L'auteur Marc Capelle a publié cette semaine une réflexion sur son blog Marc Capelle en ligne(s).


Un article de Jean Quatremer dans Libération, sur « le retour des frontières » a attiré mon attention ce matin. Il y est question de la conduite à adopter, en Europe, face à la pandémie de coronavirus. Dans notre monde ouvert, multipolaire, multilatéral, multi tout ce que l’on veut, il est convenu lorsqu’on évoque un éventuel retour des frontières d’afficher un air horrifié.

A t-on, malgré tout, le droit de se souvenir d’un temps, pas si lointain, où les frontières nous aidaient à dessiner et à comprendre le monde ? J’ai eu la chance d’en franchir beaucoup et pendant longtemps, en voiture, en train, en avion.
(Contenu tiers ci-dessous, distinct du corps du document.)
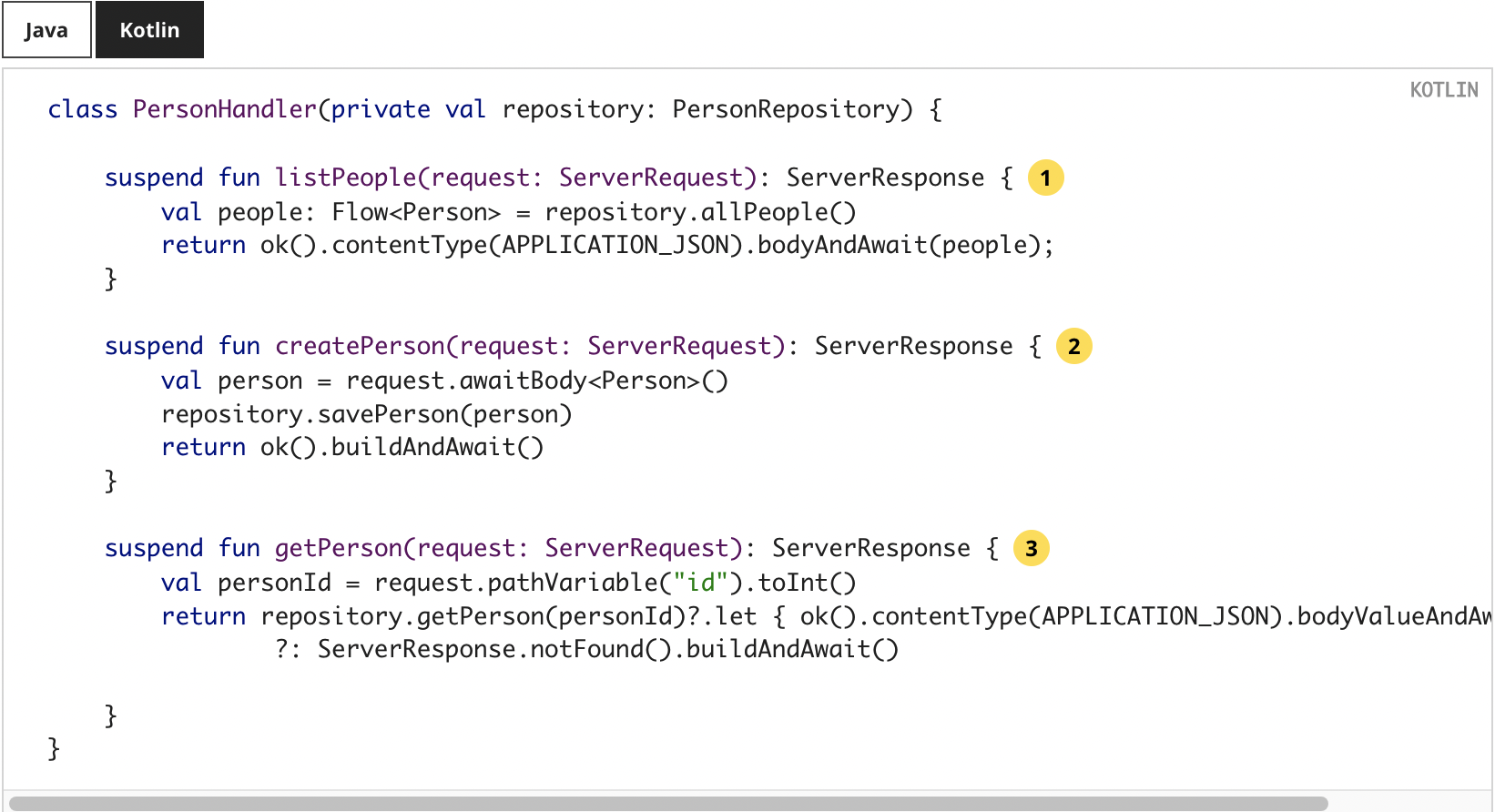 스프링 프로젝트는 코틀린에 대한 지원을 점점 늘리고 있는데 최신 스프링 프로젝트 공식 문서를 보면 자바 예제외에도 코틀린 예제를 쉽게 확인할 수 있습니다. 또한 코틀린이 제공하는 여러 라이브러리도 스프링 프로젝트에 기본으로 탑재되고 있는데 리액터 또한 리액터 코틀린 확장(reactor-kotlin-extensions)을 지원합니다 . 리액터 코틀린 확장 기능을 사용하면 코틀린의 우아한 문법을 사용해 리액터 코드를 자바를 사용했을 때보다 더 간결하게 작성이 가능합니다.
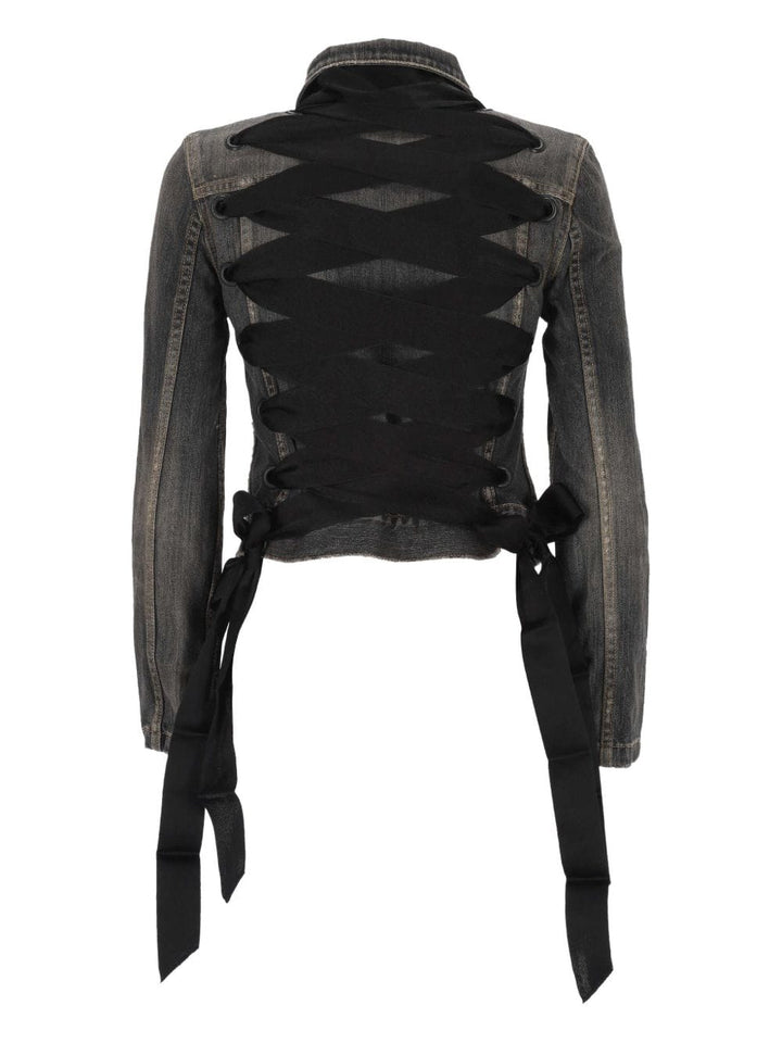 Cotton denim, fully laced up at the back, 5 buttons at the front, 2 buttoned pockets at the chest, 2 slash pockets and jeans buttons and jeans eyelets with Balenciaga engraving. lace up Lace-up denim jacket.
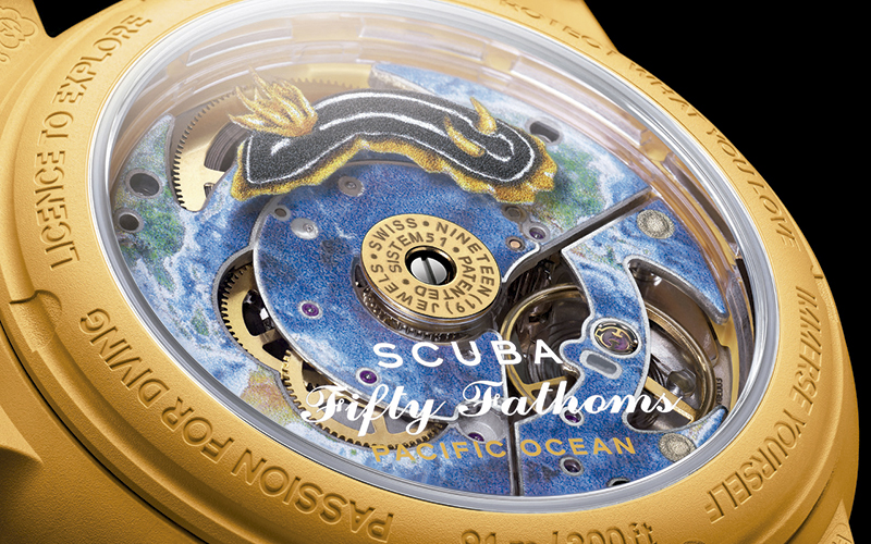 La colección Bioceramic Scuba Fifty Fathoms está equipada con un movimiento mecánico de Swatch llamado SISTEM51. Este es el primer y único movimiento mecánico cuya producción está totalmente automatizada. Es antimagnético gracias a su espiral Nivachron™ y está fabricado con solo 51 piezas, incluido un tornillo central. Su mecanismo tiene una reserva de marcha de 90 horas. En 2013, SISTEM51 revolucionó el mundo de los relojes automáticos al mostrar su mecanismo por dentro: «por delante dice la hora y por detrás cuenta una historia». La historia que Swatch cuenta en los cinco relojes de esta colección y que se aprecia en su parte trasera está protagonizada por un animal magnífico y colorido que vive en nuestros cinco océanos: el nudibranquio (nombre científico: Nudibranchia). Estos animales aparecen impresos digitalmente en el rotor del movimiento, la pieza que hace que el reloj se recargue automáticamente al mover la muñeca. En el reloj Arctic Ocean encontramos el nudibranquio Dendronotus Frondosus, de formas suaves y sutiles. En el Pacific Ocean se muestra el Chromodoris Kuiteri, que con sus colores brillantes como el sol, evoca las aguas cálidas y celestes del océano en el que se encuentra. El Atlantic Ocean cuenta con un Glaucus Atlanticus, cuyos colores azul oscuro rinden homenaje a los mares salvajes. Pero, si bien pretende encarnar la fragilidad de la vida marina, esta especie es venenosa y recibe el apodo de «dragón azul». El Indian Ocean, con su Nembrotha Kubaryana, sugiere los colores hipnotizantes de los corales, así como los de las aguas de su océano, tan exuberantes como deslumbrantes. Por último, el Antarctic Ocean muestra un Tritoniella Belli, cuya apariencia de iceberg golpeado por una tormenta emula el misterio y el encanto de las gélidas aguas polares. Además de estos nudibranquios, –que viven realmente en los océanos que dan nombre a los diferentes modelos–, cada reloj lleva detrás una representación del océano en el que se inspira.
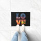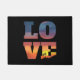 A tropical beach is the perfect setting for love! Beautiful knockout text effect door mat with stacked letters of the word LOVE. Great to keep sand from being tracked in at your beach house. A colourful tropical sunset scene with palm trees in silhouette shows through the block letters on black background.
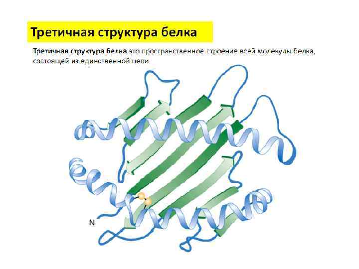 Третичная структура белка • В Α цепи имеются два коротких участка, а в В цепи — один длинный участок, построенные в виде α спирали. • При этом N конец А цепи и С конец В цепи располагаются в непосредственной близости друг от друга.
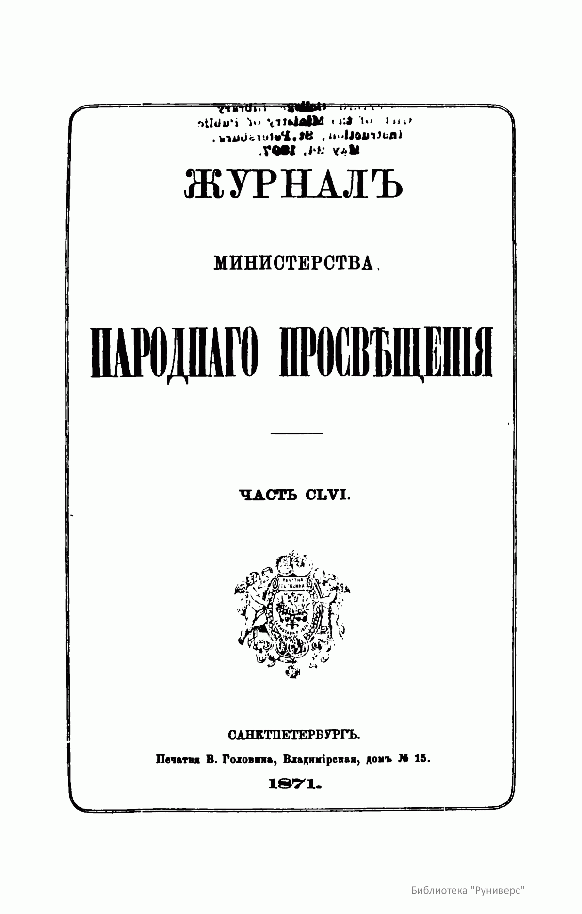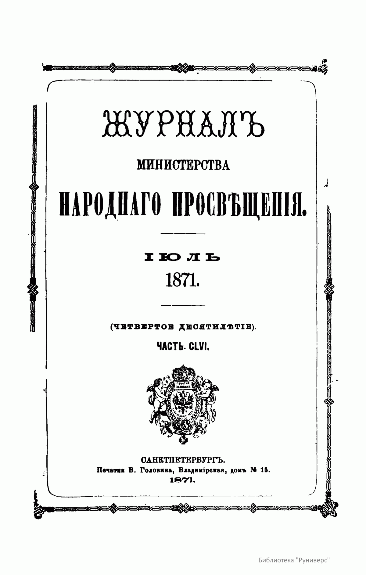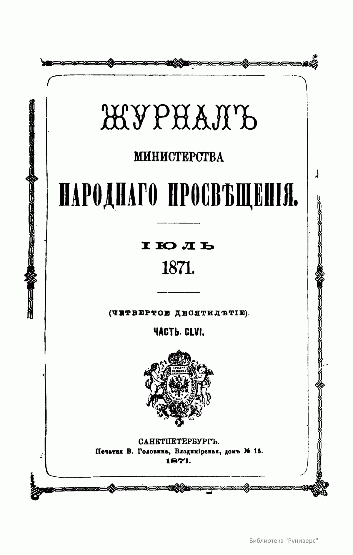 Журнал Министерства народного просвещения. Часть CLVI

Si, parfois, j’ai pu être agacé par la lenteur ou la bêtise de certains contrôles (j’en donne un exemple ici), je garde de ces années une certaine nostalgie.
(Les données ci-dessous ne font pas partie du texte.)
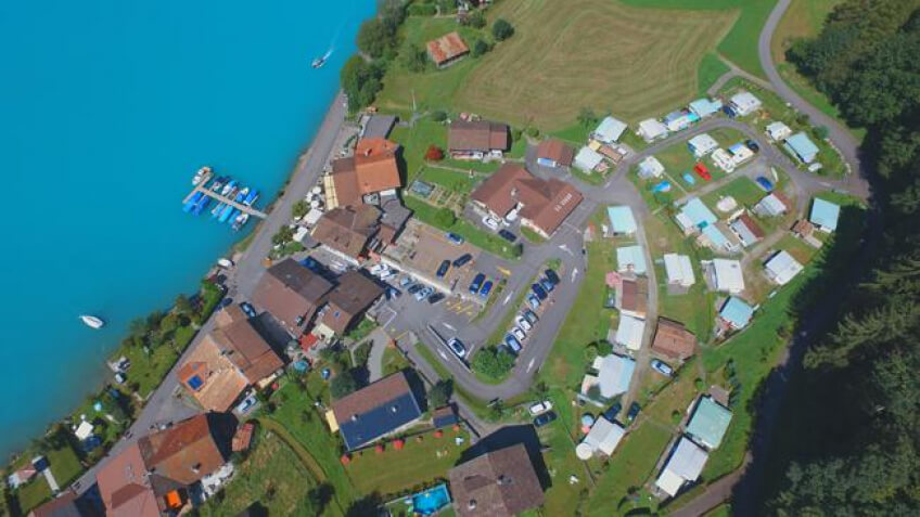 Nur zwei Minuten zu Fuss vom Ufer des Brienzersees entfernt, gleich oberhalb der malerischen Chalets, die die ruhige Seestrasse säumen, liegt zwischen Wald und Wiesen der Camping Du Lac. Stellen Sie Ihren Wohnwagen oder Ihr Wohnmobil ab, und geniessen Sie die traumhafte Ruhe, die Aussicht auf die umliegenden Berge oder im Sommer ein erfrischendes Bad im klaren und sauberen Wasser des Brienzersees.
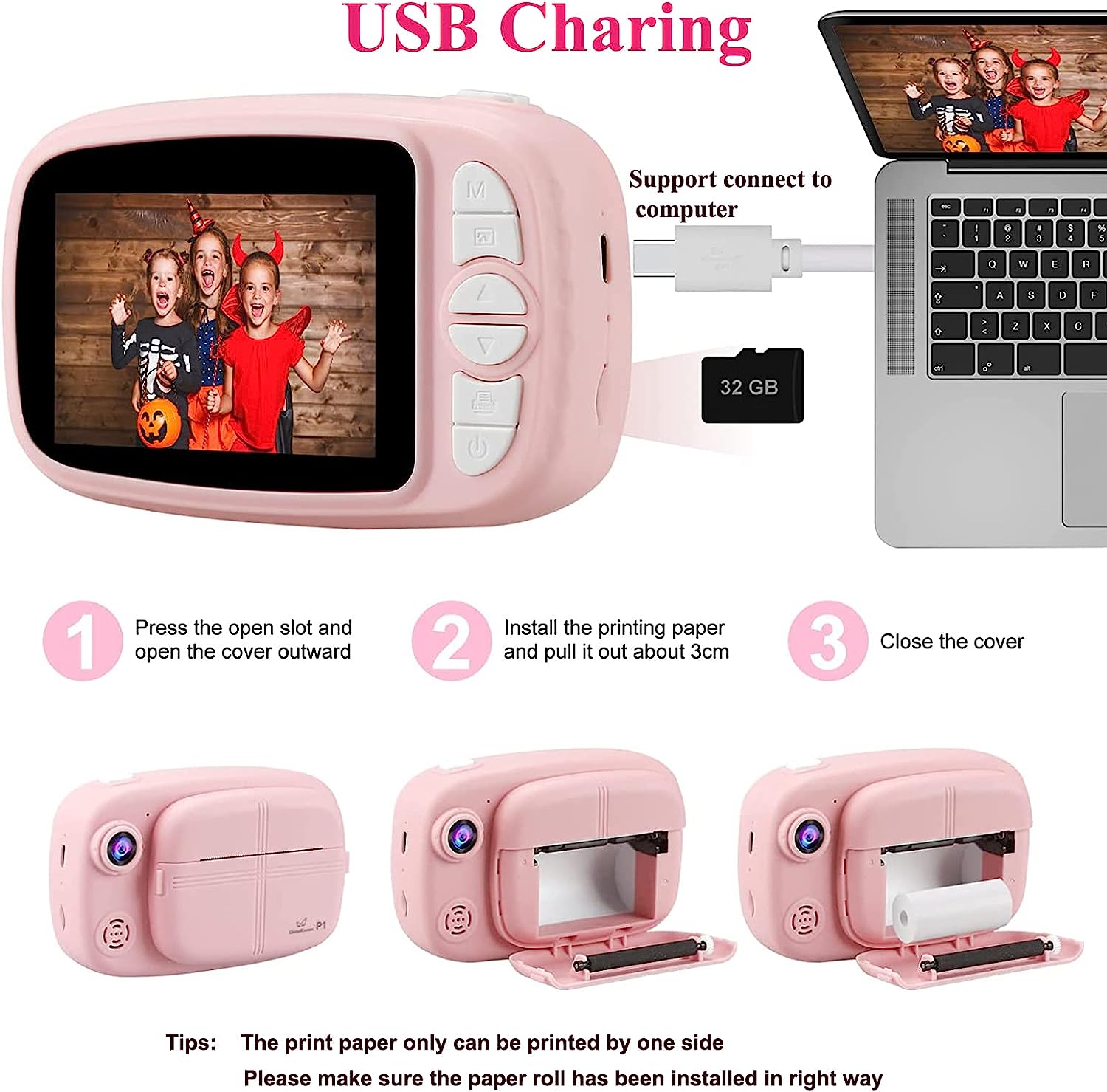 Instant print cameras quickly and automatically print, No more waiting for photos to develop,lets kids revel in the joy of photography with instant printing. Ink free printing & BPA-free photo paper, skin-friendly and easy to replace.
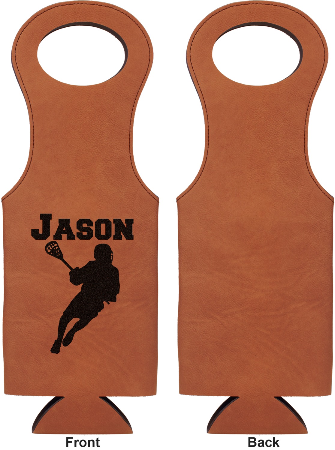 This wine carrier is made from a stunning leatherette, in a cognac-brown color. Strong, black stitching lines the sides of your wine bottle bag and provides extra durability. The interior is lined with a padded, black material to allow for a snug fit once your bottle is placed inside. At the top of this wine gift bag, you'll find two oval shaped handles that elegantly complements the rest of the bag's style. We provide you with the option of laser-engraving the front, or the front and back of your new personalized wine bag!

Petit, je franchissais régulièrement la frontière, entre le nord de la France, où j’habitais, et la Belgique. Nous allions, dans la voiture de mes parents, faire des courses à Menin ou jouer au parc d’attractions de Dadizele. A la douane (nous ne disions pas « la frontière »), généralement sans même regarder nos papiers, le policier levait une barrière rouge et blanche et nous savions que nous étions alors en Belgique.
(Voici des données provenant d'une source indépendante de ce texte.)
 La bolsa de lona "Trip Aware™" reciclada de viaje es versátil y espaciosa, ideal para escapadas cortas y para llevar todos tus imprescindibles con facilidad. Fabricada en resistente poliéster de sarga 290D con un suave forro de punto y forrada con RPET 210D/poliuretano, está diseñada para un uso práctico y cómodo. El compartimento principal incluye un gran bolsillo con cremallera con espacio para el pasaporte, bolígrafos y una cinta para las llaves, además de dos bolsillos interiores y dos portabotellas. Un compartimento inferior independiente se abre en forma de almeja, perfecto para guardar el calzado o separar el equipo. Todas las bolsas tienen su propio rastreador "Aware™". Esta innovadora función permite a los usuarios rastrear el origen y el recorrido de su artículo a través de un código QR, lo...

Plus tard, j’ai traversé bien des fois l’Europe et il fallait alors montrer patte blanche en passant d’un pays à l’autre. Passeport, papiers de la voiture, ouverture du coffre… Souvent il s’agissait d’une simple formalité, mais parfois il fallait s’armer de patience. Jamais le passage de la frontière n’était anodin. Barrières, guérites, miradors et chevaux de frise parfois… On voyait, on savait que l’on passait d’un pays à l’autre. Je me suis construit une représentation de l’Europe de cette façon. Aujourd’hui, les limites entre les pays sont invisibles, effacées, inexistantes. Le petit panneau qui indique que l’on entre en Allemagne ou en Hongrie ne fait que tristement illusion.


On l’a oublié, mais les trains s’arrêtaient également aux frontières. Douaniers et policiers montaient à bord et contrôlaient les passagers avec plus ou moins de précision. La peur de l’uniforme fonctionnait bien. Chacun attendait son tour en se répétant mentalement qu’il n’avait rien à se reprocher.


Nous ne pouvons sans doute pas, en Europe, revenir à ce monde-là, sans être accusé de remettre en question la libre circulation des personnes (je ne m’intéresse pas, ici, aux marchandises). Je n’oublie pas que pour beaucoup, le passage d’une frontière a pu représenter un risque énorme, un danger de mort parfois. Je sais aussi que pour les migrants qui tentent chaque jour d’arriver dans nos contrées privilégiées, la frontière est à la fois un horizon rêvé et le plus souvent un obstacle infranchissable.

Pourtant, au risque de passer pour un dangereux réactionnaire, je regrette ces barrières d’autrefois. Sans doute parce qu’elles traçaient les limites d’un monde plus simple.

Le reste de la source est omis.